Untuned suppression makes a major contribution to the enhancement of orientation selectivity in macaque v1 - PubMed (original) (raw)

Untuned suppression makes a major contribution to the enhancement of orientation selectivity in macaque v1

Dajun Xing et al. J Neurosci. 2011.

Abstract

One of the functions of the cerebral cortex is to increase the selectivity for stimulus features. Finding more about the mechanisms of increased cortical selectivity is important for understanding how the cortex works. Up to now, studies in multiple cortical areas have reported that suppressive mechanisms are involved in feature selectivity. However, the magnitude of the contribution of suppression to tuning selectivity is not yet determined. We use orientation selectivity in macaque primary visual cortex, V1, as an archetypal example of cortical feature selectivity and develop a method to estimate the magnitude of the contribution of suppression to orientation selectivity.
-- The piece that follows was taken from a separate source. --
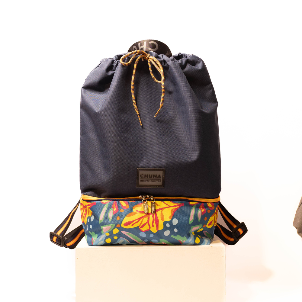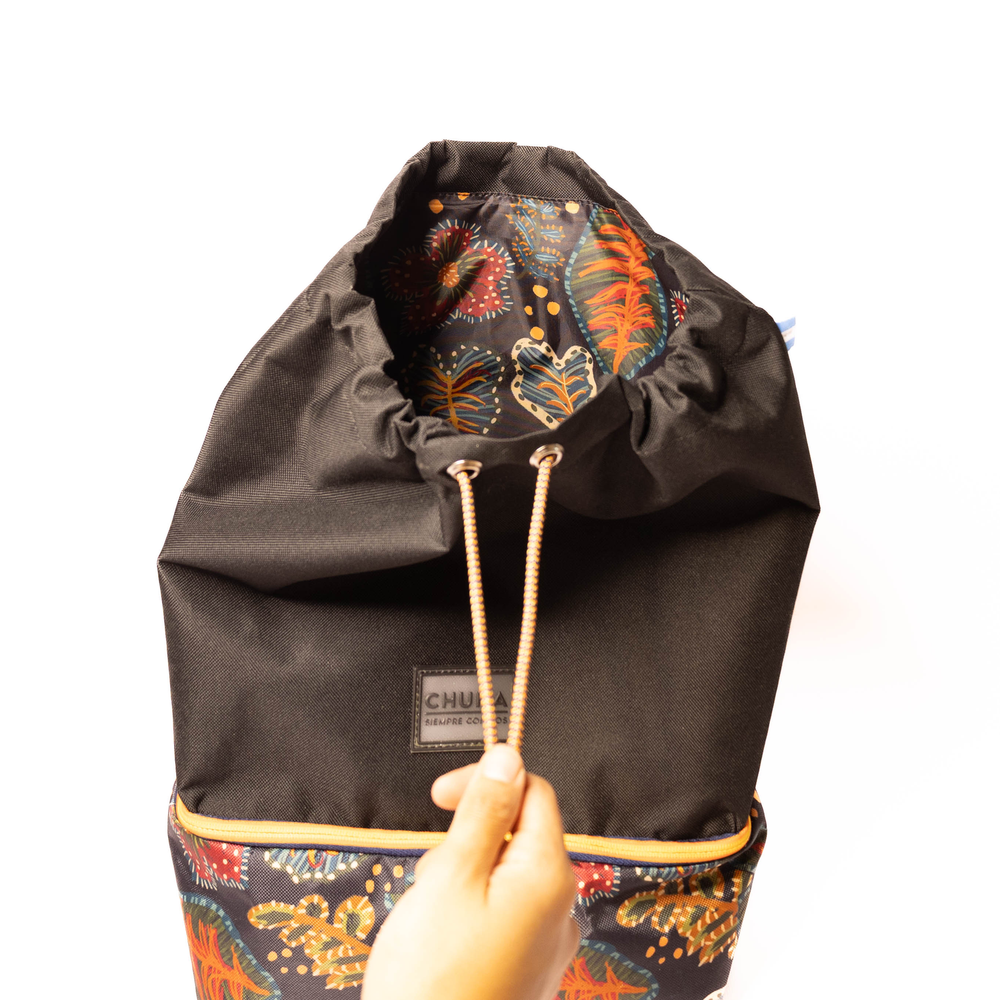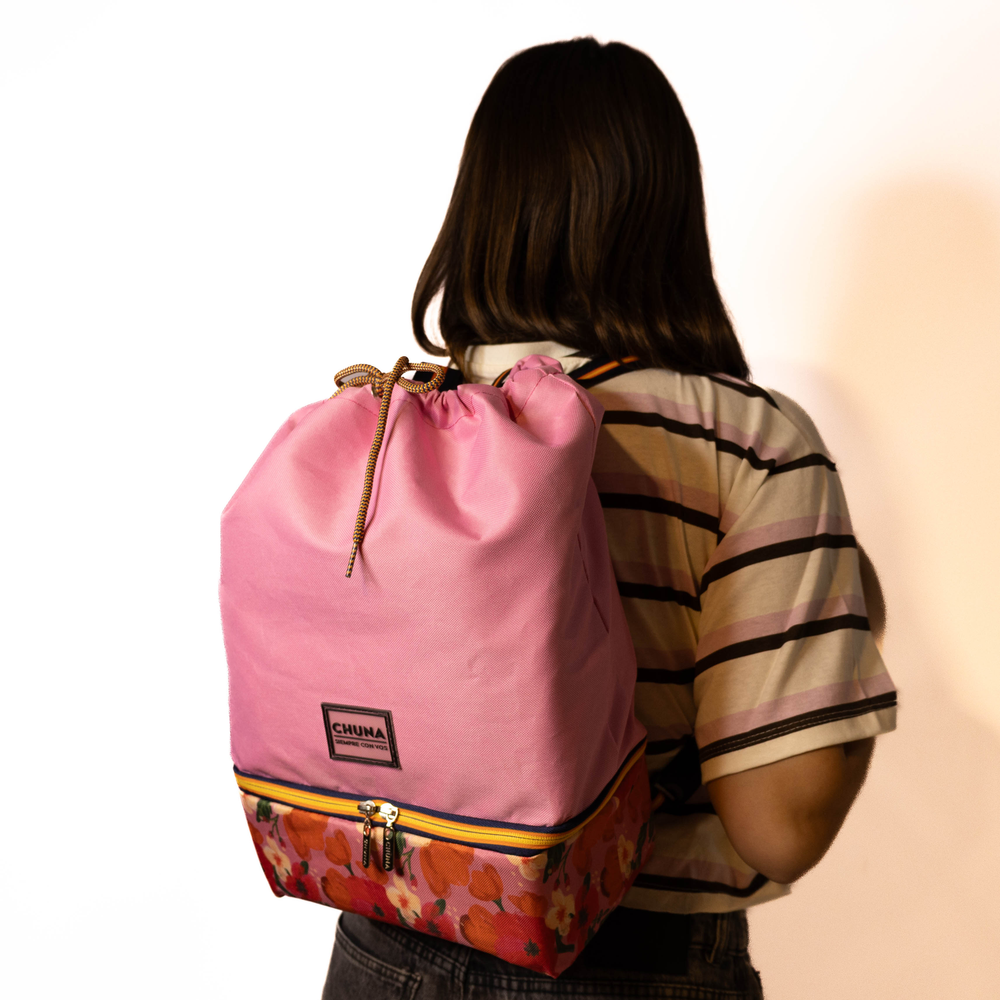 Mochila multiuso con compartimento lunchera térmico incorporado Mochila funcional y moderna diseñada para uso diario, que combina estilo y practicidad. Espacio principal amplio para libros, ropa o accesorios personales. Compartimento inferior separado, especialmente diseñado como lunchera térmica, ideal para transportar alimentos y bebidas pequeñas manteniendo su temperatura. Cierre principal con cordón ajustable en la parte superior para mayor capacidad y ajuste. Cierre doble en la parte inferior para la lunchera. Correas: Dos tirantes ajustables con hebillas, acolchados para mayor comodidad en el transporte.

The results show that untuned suppression, one form of cortical suppression, decreases the orthogonal-to-preferred response ratio (O/P ratio) of V1 cells from an average of 0.38 to 0.26. Untuned suppression has an especially large effect on orientation selectivity for highly selective cells (O/P < 0.2). Therefore, untuned suppression is crucial for the generation of highly orientation-selective cells in V1 cortex.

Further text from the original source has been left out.